Kenneth Pollack Strikes Again

It would seem that the recent Iranian election, where Ahmadinejad wins by a suspicious lead, has Kenneth Pollack our Middle East “expert” regaling us with the following dire warning.

Link

"But this election and their results are an important caution to Americans and everyone else on the planet: This is not a democracy."


How would Pollack know, has he ever lived in a democracy? Considering our heavy handed departure from a right to privacy, a right to have legal council, and the power of the president to decide if you are a terrorist or not which could ultimately mean you are stripped of your rights completely or as they already are, Pollack has a lot of nerve. Not to mention an election I seem to recall between Al Gore and George Bush. Pollack is on shaky ground though that is nothing new for Pollack. After all our Middle East “expert” was one of the loudest cheerleaders for the invasion of Iraq by Bush Junior and our subservient and oh-so pliable congress.
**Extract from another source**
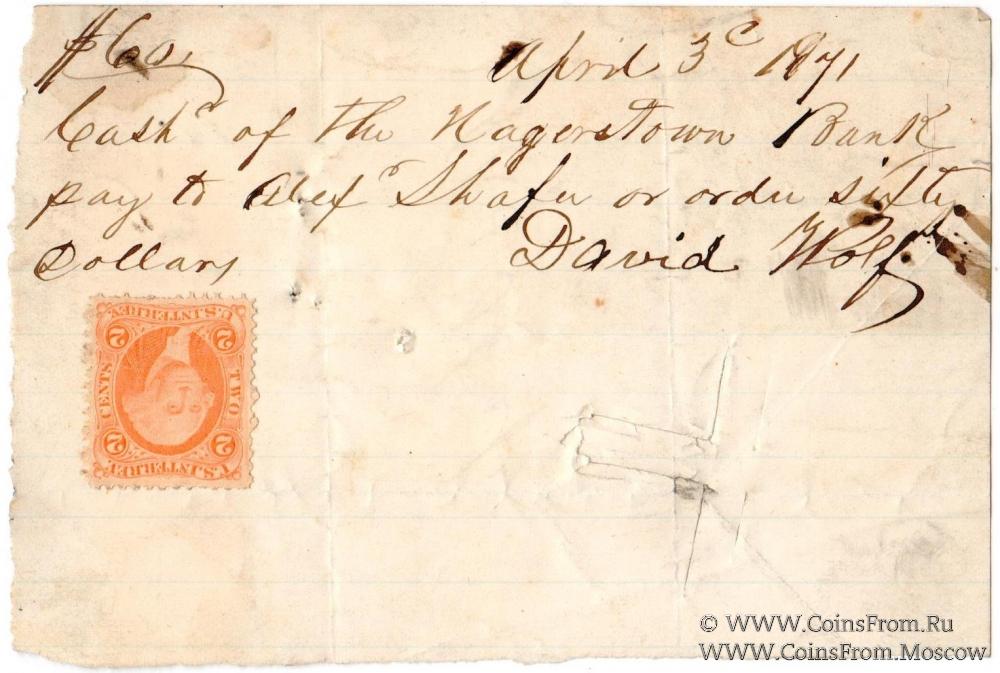 Банковский чек. Без бланка. Хейгерстаун Банк (Hagerstown Bank).

Here is what Pollack advised in his book the Threatening Storm (a cheap rip-off of Churchill’s the Gathering Storm as if Saddam Hussein were a threat comparable to Adolf Hitler).

Link

"the only prudent and realistic course of action left to the United States is to mount a full-scale invasion of Iraq to smash the Iraqi armed forces, depose Saddam’s regime, and rid the country of weapons of mass destruction.” Pollack predicted, “It is unimaginable that the United States would have to contribute hundreds of billions of dollars and highly unlikely that we would have to contribute even tens of billions of dollars.”
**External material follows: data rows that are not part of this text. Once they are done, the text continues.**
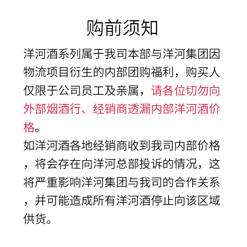 您以代售方的内部员工、合作客户、合作供应商等身份在本平台购买“洋河”系列酒已享受到特殊优惠,除经过代售方的特殊授权外,您不得以任何形式转售“洋河”系列酒。
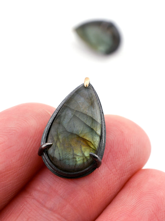 Vesper Studs: Teardrop Labradorite-SS/14k
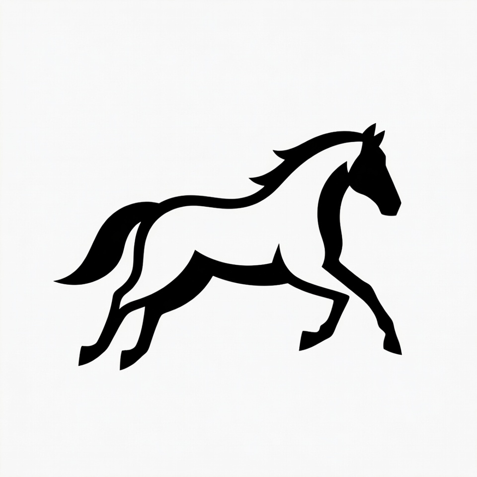 A black and white silhouette illustration of a horse galloping with its mane and tail flowing. The horse is depicted in profile view on a transparent background. The design features bold outlines and smooth curves.
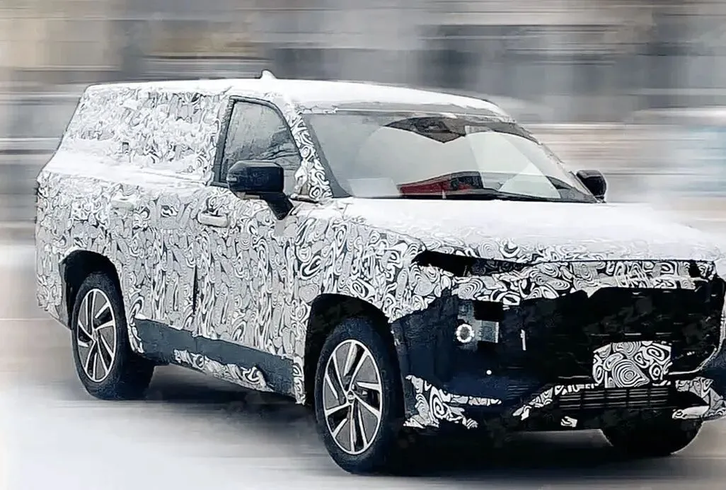 先看外观,这个车一.出来我第.一反应.就是:这是真往全尺寸硬派SUV那个方.向走了。车身明显比风.云T11还要大一圈,侧.面特别.高,离地间隙也大,看谍照那种姿态,就不是城市SUV那种“假壮”。

Gee, we know how well all that worked out. And yet here we see that the news media still uses Pollack as a reference despite the fact that Pollack had been so overwhelmingly and spectacularly wrong about the Iraq War. I’m not really surprised by this for as Alexander Cockburn writes…

Link

In other words, any exacting assessment of the actual performance of newspapers rated against the twaddle about the role of the Fourth Estate spouted by publishers and editors at their annual conventions would issue a negative verdict in every era. Of course there have been moments when a newspaper or a reporter could make fair claims to have done a decent job, inevitably eradicated by a panicky proprietor, a change in ownership, advertiser pressure, eviction of some protective editor or summary firing of the enterprising reporter. By and large, down the decades, the mainstream newspapers have—often rabidly—obstructed and sabotaged efforts to improve our social and political condition.
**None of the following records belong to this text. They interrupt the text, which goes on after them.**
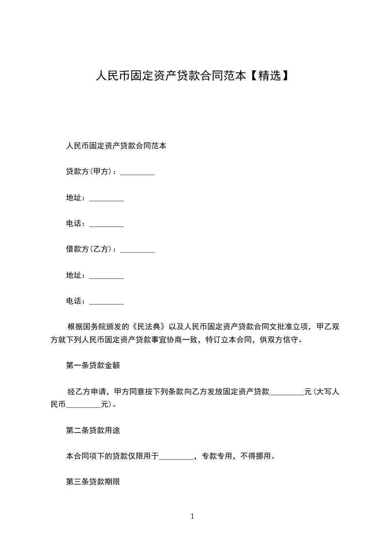 根据国务院颁发的《民法典》以及人民币固定资产贷款合同文批准立项,甲乙双方就下列人民币固定资产贷款事宜协商一致,特订立本合同,供双方信守。
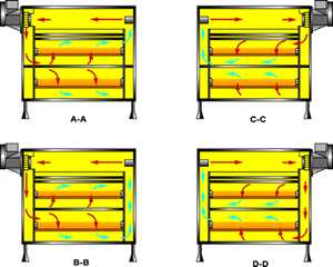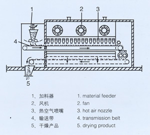 物料由加料器均匀地铺在网带上,网带一般采用12-60目不锈钢丝网,由传动装置拖动在干燥机内移动。干燥机由若干单元组成,每一单元热风独立循环,部分尾气由专门排湿风机排出,废气由调节阀控制,热气由下往上或由上往下穿过铺满物料的网带完成热量与质量传递的进程,带走物料水份。网带缓慢移动,运行速度可根据物料温度自由调节,干燥后的成品连续落入收料器中。上下循环单元根据用户需要可灵活配备,单元数量亦可根据需要选取。
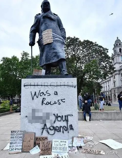 再比如说英国的黑人发动暴乱,将丘吉尔等人的雕像给推倒,扔进了河里,还给他贴上了“奴隶主”的标签。

In an earlier time writers like Mencken and Hecht and Liebling loved their newspapers, but the portentous claims for their indispensable role would have made them hoot with derision, as they did the columnist Bernard Levin, decrying in the London Times at the start of the 1980s the notion of a “responsible press”: “we are, and must remain, vagabonds and outlaws, for only by so remaining shall we be able to keep the faith by which we live, which is the pursuit of knowledge that others would like unpursued and the making of comment that others would prefer unmade.”

But of course most publishers and journalists are not vagabonds and outlaws, any more than are the professors at journalism schools or the jurors and “boards” servicing the racket known as the Pulitzer industry. What the publishers were after was a 20 per cent rate of return, a desire that prompts great respect for “the rule of law,” if such laws assist in the achievement of that goal. In 1970 this meant coercing Congress to pass the Newspaper Preservation Act of 1970, exempting newspapers from antitrust sanctions against price-fixing in a given market. Nixon signed the law and was duly rewarded with profuse editorial endorsements in 1972.

2 Comments:

At June 14, 2009 5:19 PM, Blogger Jonathan Versen said...

I'm reminded of Jonathan Schwarz's frequent observation that certain persons are never punished for being wrong, especially in D.C.

 
At June 14, 2009 8:16 PM, Blogger Unknown said...

I've learned a lot from Jonathan Schwartz. He does the compare and contrast thing better then anyone.

I would also add that no good deed goes unpunished.